JP12 needs to be added and connected and you probably need the largest TAG that you can have there for 2MB. Without JP12 half the cache goes nowhere and you get the crashes you observe.

T-04YBSC, a new YMF71x based sound card & Official VOGONS thread about it
Newly made 4MB 60ns 30pin SIMMs ~
mida sa loed ? nagunii aru ei saa 😜

Reply 2 of 37, by Anonymous Coward

User metadata
Rank l33t
Rank
l33t

Ah, this is great. I've always wanted to see 2MB async cache in action. There are even a few VLB Socket4 boards out there that support 2MB, but I have never been fortunate enough to come across one.

"Will the highways on the internets become more few?" -Gee Dubya
V'Ger XT|Upgraded AT|Ultimate 386|Super VL/EISA 486|SMP VL/EISA Pentium

Reply 3 of 37, by mpe

User metadata
Rank Oldbie
Rank
Oldbie
Tiido wrote on 2020-02-03, 08:39:

JP12 needs to be added and connected and you probably need the largest TAG that you can have there for 2MB. Without JP12 half the cache goes nowhere and you get the crashes you observe.

Thanks. The JP12 can only have effect when having 64k or 128k chips in TAG/DIRTY sockets. Smaller chips don't have the A15 pin as they came in shorter DIP-28 packages.

I tried to shorten it momentarily during reset with a metal tweezer, however no effect. But I will try to solder a proper JP12 header just to be sure.

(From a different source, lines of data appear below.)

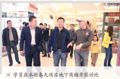
※ 学员在水榭春天项目地下商辅考察讨论
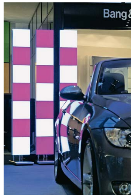
SLIKA 18 - Reciklat Levblend

Tvrtka je predstavila novi reciklat nazvan Levblend (polikarbonat + akrilonitril/butadien/stiren) (slika 18). Novi reciklat pomoći će pri smanjivanju troškova u automobilskoj industriji jer je jeftinija i sigurnija alternativa postojećim materijalima. Primjeren je za izradu spojnih dijelova, dijelova karoserije te za prednja i stražnja svjetla.
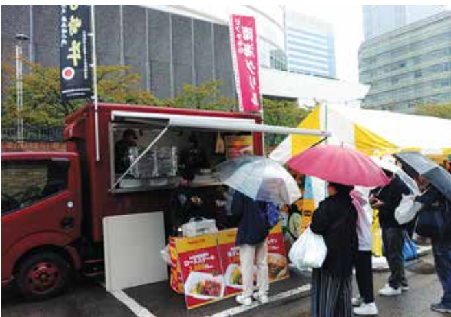
キッチンカー (大阪府堺市：南海グリル)
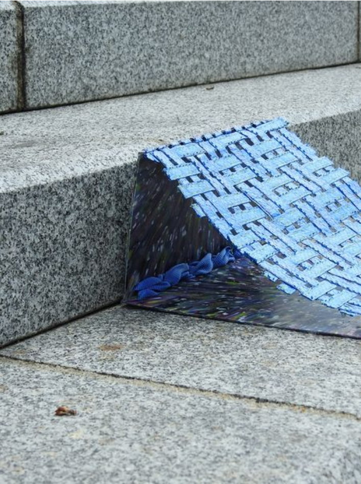
Taille de cet aperçu : 450 × 600 pixels. Fichier d'origine (3 456 × 4 608 pixels, taille du fichier : 3,48 Mio, type MIME : image/jpeg) Enclave_DSCN2033
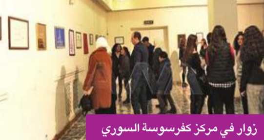
زوار في مركز كفسوسة السوري

استضاف المركز الثقافي في منطقة كفسوسة في العاصمة السورية دمشق معرضاً فنياً ضم لوحات توزعت بين الخط العربي والرسم، تحت عنوان «مجموعة حروف»، وقدّ عدد اللوحات بـ 45 لوحة، لمجموعة من الباحثين، توزعت بين الطبيعة ولوحات الخط العربي بخطوط الرقعة والكوفي.
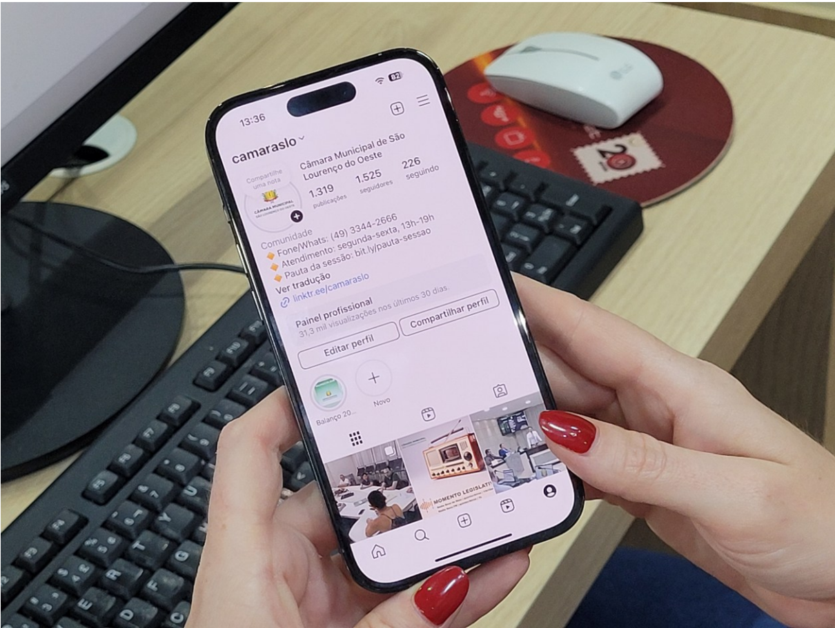
Figura 26: Novos perfis da Câmara Municipal nas redes sociais

Desde 02 de março de 2022, o Poder Legislativo conta com duas novas ferramentas de interação e de contato com a comunidade. Além do site, do telefone e do e-mail, passou a repassar suas informações em tempo real pelo Instagram e pela lista de transmissão no whatsapp. Basta seguir na rede social @camaraslo ou adicionar no WhatsApp o número (49)3344-2666, mandar a palavra “oi” e será incluído na lista referida.
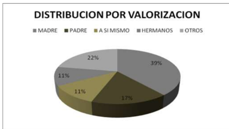
DISTRIBUCION POR VALORIZACIÓN
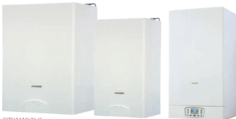
CITY MAX 26 K
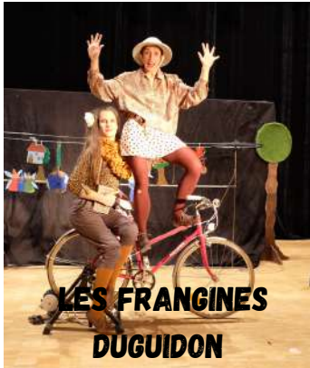
YES FRANGINES DUGUIDON
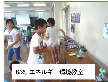
8/29 エネルギー環境教室
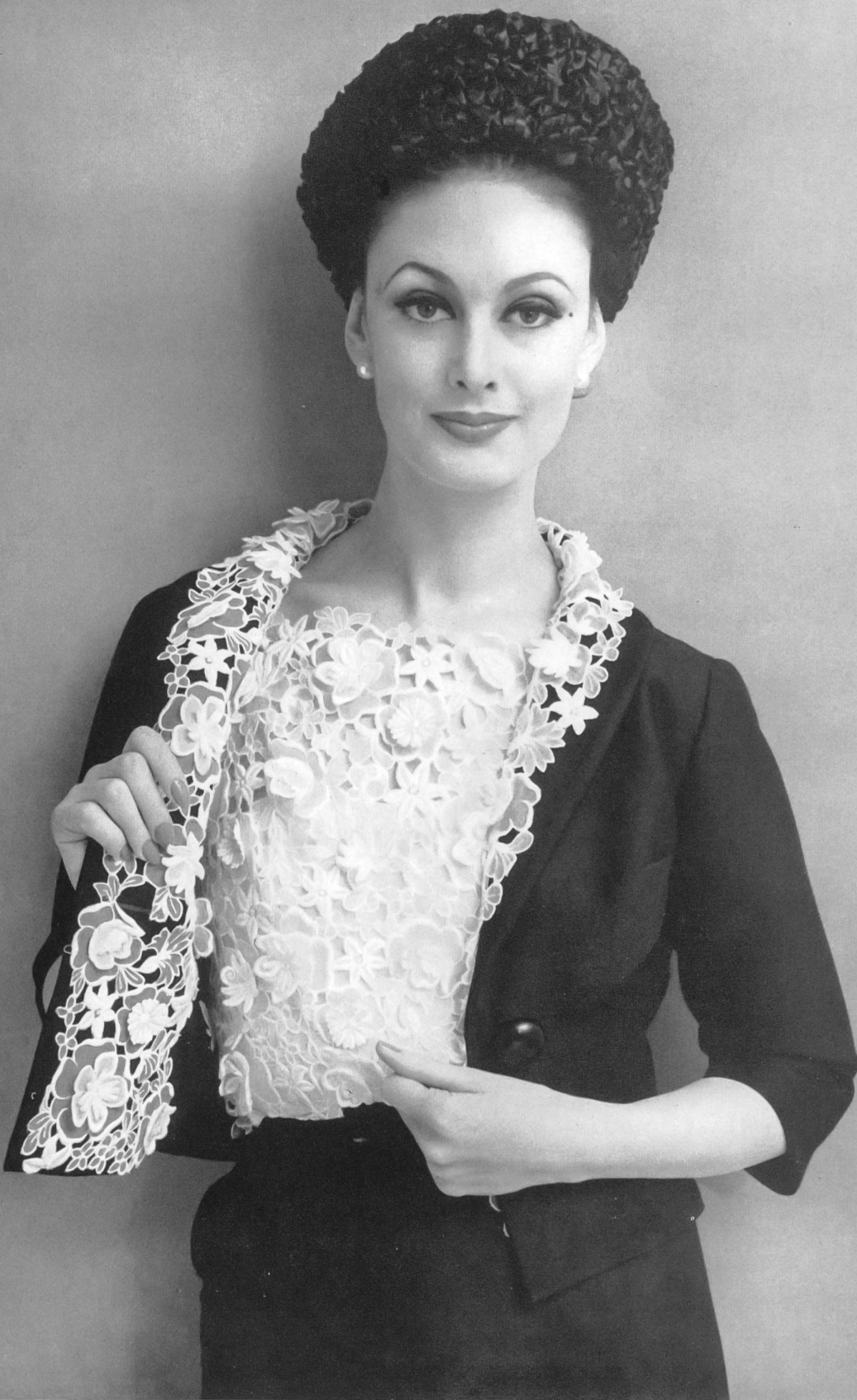
JEAN DESSÈS Galon d'organdi découpé de Forster Willi & Co., Saint-Gall Grossiste à Paris : Pierre Brivet, S.à r.l.
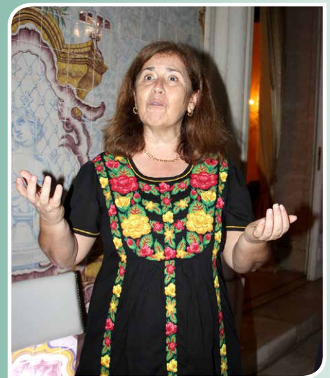
Palavras da nova Embaixadora
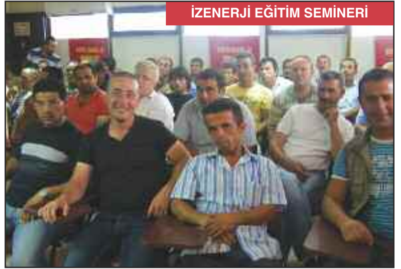
İZENERJİ EĞİTİM SEMİNERİ
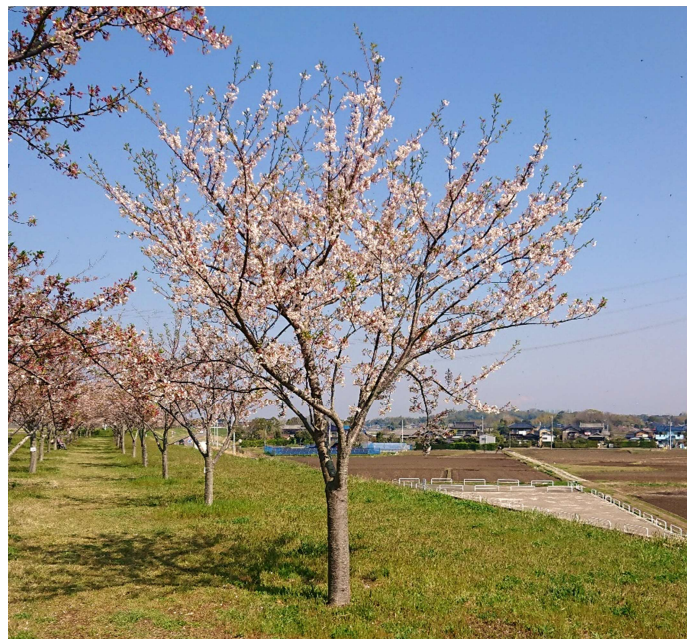
白鷺の街自治会の桜(4/4撮影)
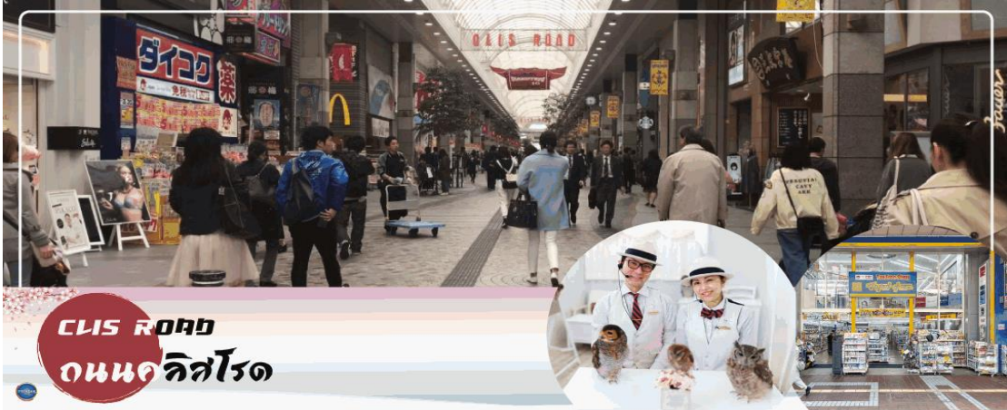
CLIS ROAD ถนนคิสิโรด

จากนั้นนำท่านสู่ ถนนคิสิโรด (Clis Road) ถนนสายช้อปปิ้งที่ใหญ่ที่สุดของเมือง มีสินค้าให้เลือกหลากหลายตั้งแต่อาหารท้องถิ่นหรือฟาสต์ฟู้ด ร้านคาเฟ่เก๋ๆ ศูนย์เกมส์ ไปจนถึงแบรนด์เนมระดับไฮเอน HIGHLIGHT!!! สำหรับย่านนี้คือ คาเฟ่คนซุกฟูโระ (Fukuro Café) ตั้งอยู่ติดที่อยู่หลังร้าน Gucci มีค่าเช่า 1,200 เยน ซึ่งราคานี้รวมกับค่าเครื่องดื่มแบบไม่อื่น โดยจะมีคนซุกฟูที่ถูกฝึกจนเชื่องอยู่หลากหลายสายพันธุ์ แต่ละตัวล้วนมีความน่ารักที่ต่างกันไป ที่สำคัญยังสามารถลูบหรือจับได้ภายใน การดูแลของพนักงานผู้ชำนาญการ อีสระให้ท่านช้อปปิ้งตามอัธยาศัย
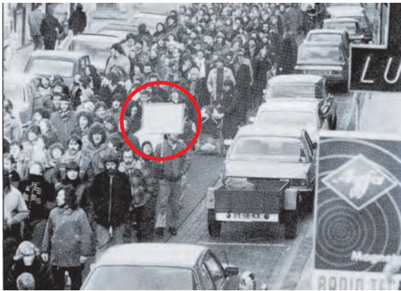
Op 23 Januari 1981 demonstreerden 5000 mensen tegen de Zeigelhofgarage en de tweede foto is genomen op 25 Februari en toont een demonstratie met 10.000 mensen.
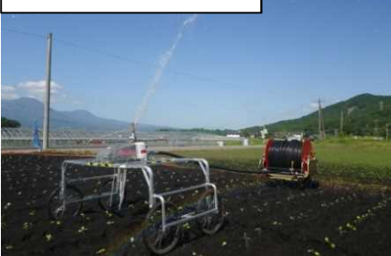
小型自走式散水機
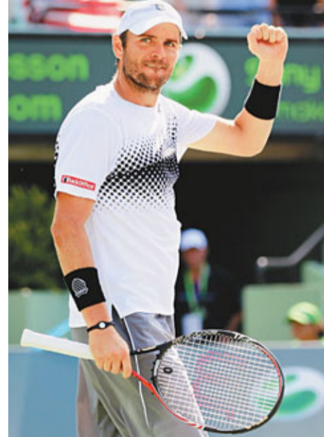
費殊殺入4強兼做美國一哥,可喜可賀。

女單方面,上屆冠軍的比利時球手克利施達絲(阿金)在8強則意外以直落2盤3:6不敵白俄羅斯球手阿薩倫卡出局,宣告衛冕失敗。阿薩倫卡的準決賽對手是3號種子的俄羅斯球手施禾娜莉娃。
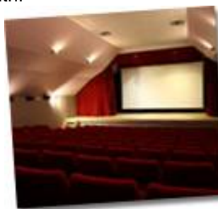
Il nostro cinema
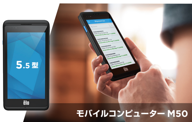
モバイルコンピューター M50
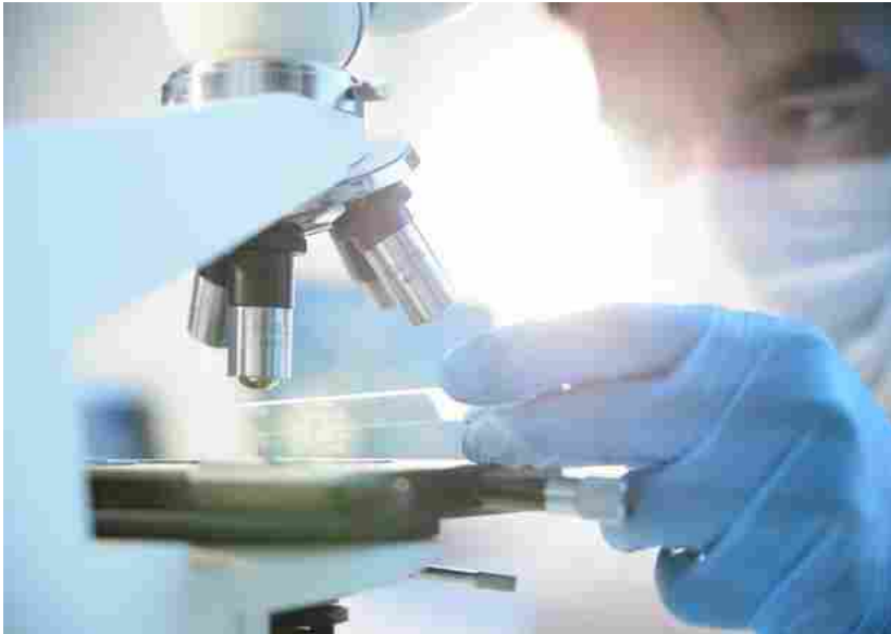
Ultimo aggiornamento: 17:07 © RIPRODUZIONE RISERVATA
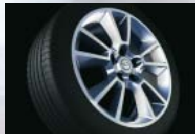
9 Leichtmetallrad, 7 J x 17, 5-Doppelspeichen-Design, Reifen 225/45 R 17
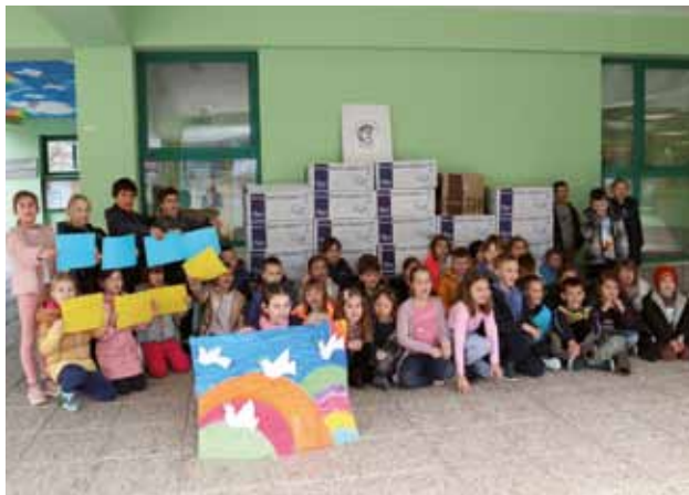
ISOLA: Alunni della Dante Alighieri con gli aiuti per l'Ucraina

Gli insegnanti ne hanno parlato anche durante le ore di le-
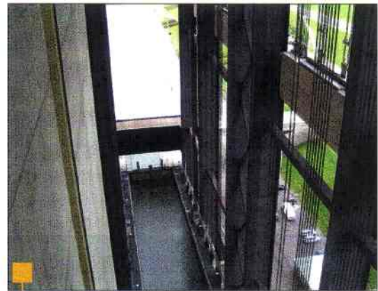
A 73,15 mètres en contrebas : le bac s'apprête à remonter.

Cet ouvrage au caractère exceptionnel est aujourd'hui accessible au public. La visite est truffée de
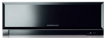
MSZ-EF VEB - Nero
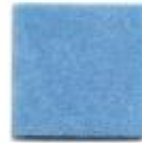
Light blue 8
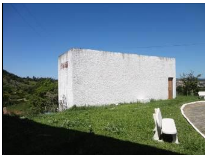
Figura 17 – R 3 – Morro da Cruz

Posição: Apoiado (x) Elevado ( ) Outro ( )
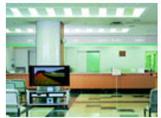
公共スペース (地域情報)
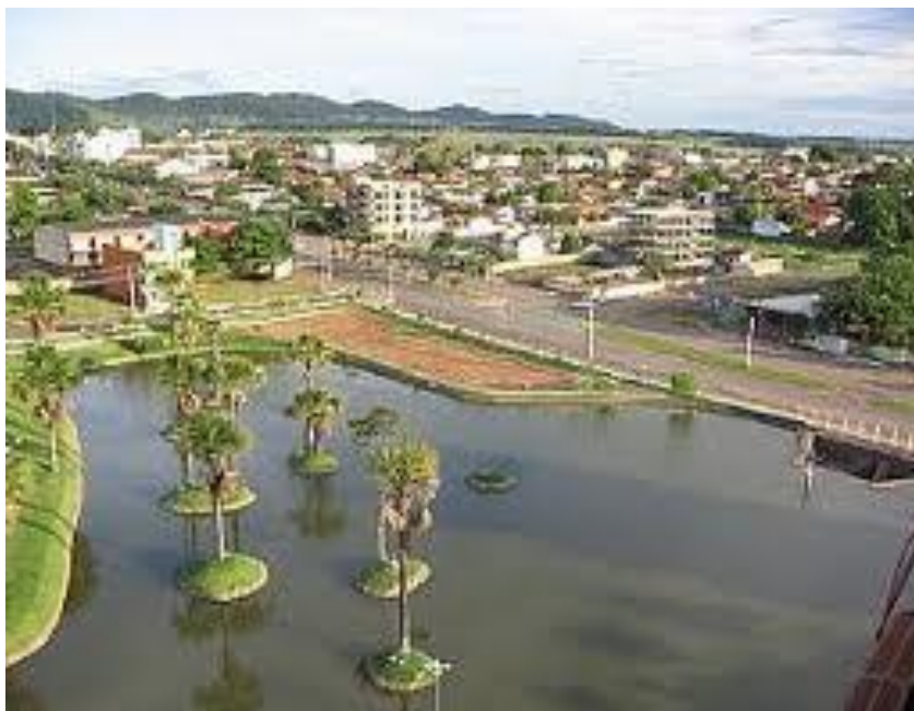
Foto panorâmica da cidade de São Luís de Montes Belos
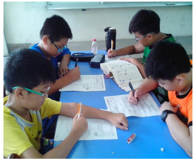
說明：同學先自己練習，等一下再分組討論。

EDIT: Yes Looks like the required tag size is a simple multiplication given by the Pentium cache line of 32B:

cache size. - tag size
256k - 8K (DIP28 chip)
512k - 16K (DIP28 chip)
1024k - 32K (DIP28 chip)
2048k - 64K (DIP32 chip)

That's for 8bit. For write-back a wider tag is needed (and thus the second DIRTY chip).

Blog|NexGen 586|S4

Reply 5 of 37, by mpe

User metadata
Rank Oldbie
Rank
Oldbie
Nvm1 wrote on 2020-02-03, 15:42:

Thanks. yes. The same board indeed. But unclear whether the author actually managed to get the 2M working...

Blog|NexGen 586|S4

Reply 6 of 37, by mpe

User metadata
Rank Oldbie
Rank
Oldbie

OK Mission accomplished. I soldered in the extra header, installed 1 MBit TAG chips and it is now working! Looks like the jumper needs to be permanently in place,

DSC_5295.jpg
Filename
DSC_5295.jpg
File size
676.74 KiB
Views
1763 views
File license
CC-BY-4.0

ctcm is confused with anything >512k. However, cachechk and speedsys confirm the cache. The speedsys graph is a little unusual:

2048.jpg
Filename
2048.jpg
File size
85.54 KiB
Views
1763 views
File license
CC-BY-4.0
IMG_4964.jpg
Filename
IMG_4964.jpg
File size
369.34 KiB
Views
1763 views
File license
CC-BY-4.0

The only DOS app showing some improvement over 1024k is Quake (20.1fps vs 19.8fps). The rest seems to comfortably fit in the 1M cache already. (DOOM +1 realtick, pcpbench + 0.1fps, ...) I think I will need to better benchmarks that use larger data set, likely in Windows.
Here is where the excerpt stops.